Source : Nouvelle biographie normande par Noémi Noire Oursel. Alphonse Picard éditeur, Paris, 1886 (Tome 1, pp. 484-485)


« Ô ironie !... La ressemblance avec le saxophone...

... ne s’étend pas seulement à la forme extérieure, il y a aussi analogie dans la perce qui est conique, bien que le cône du saxophone soit plus marqué. [...] Sur ce tuyau long de 1m25, bec compris, il y a sept trous pour les doigts et douze fermés par des clefs à tampons de cuir. Ce nombre de clés est à remarquer, car les autres instruments n’en avaient alors que cinq ou six au plus, et ce n’est que cinq ans après qu’Iwan Muller* produisit sa clarinette à treize clés.
La priorité de l’innovation appartient donc bien à Desfontenelles. C’est probablement [...] en cherchant à faire octavier la clarinette que M. Ad. Sax a trouvé le saxophone. La même hypothèse peut s’appliquer au facteur normand. Ce qui nous confirme dans cette opinion, c’est qu’en sus du bec analogue à celui de la clarinette, on retrouve sur son instrument le trou (très élargi) et la clé du pouce de la main gauche qui existent à la clarinette ainsi que deux autres clés disposées à l’extrémité de l’instrument comme celles de mi grave et fa dièse, se prenant également avec le petit doigt de la main gauche. Tout dans sa construction paraît le rattacher à la clarinette et notre conviction se trouverait très probablement confirmée par l’audition, si cet instrument était mis en état d’être joué... »

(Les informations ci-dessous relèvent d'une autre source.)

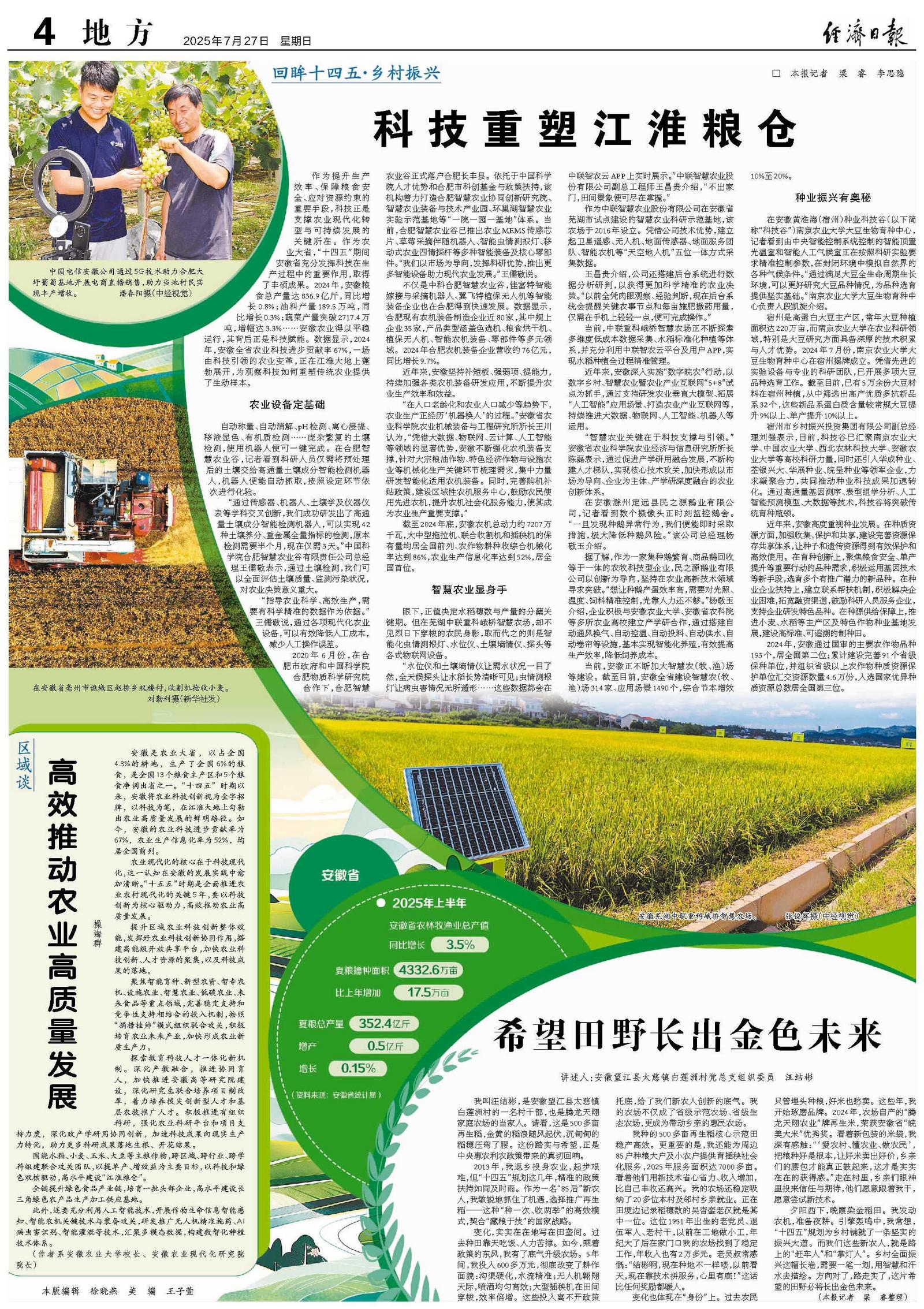 安徽是农业大省,以占全国4.3%的耕地,生产了全国6%的粮食,是全国13个粮食主产区和5个粮食净调出省之一。“十四五”时期以来,安徽将农业科技创新视为金字招牌,以科技为笔,在江淮大地上勾勒出农业高质量发展的鲜明路径。如今,安徽的农业科技进步贡献率为67%,农业生产信息化率为52%,均居全国前列。

La clarinette de Louis Desfontenelles se trouve dans les collections du musée de la Cité de la Musique - Philarmonie de Paris (réf.: E.1055).



(1) Notes d’un musicien sur les instruments à souffle humain nouveaux et perfectionnés, par Constant Pierre. Ouvrage orné de gravures et d’exemples de musique. Paris, Librairie de l’art indépendant, 11 rue de la Chaussée d’Antin, 1890, Paris, 313 p. Bibliothèque nationale de France, département des Sciences et Techniques, 8-V-22802.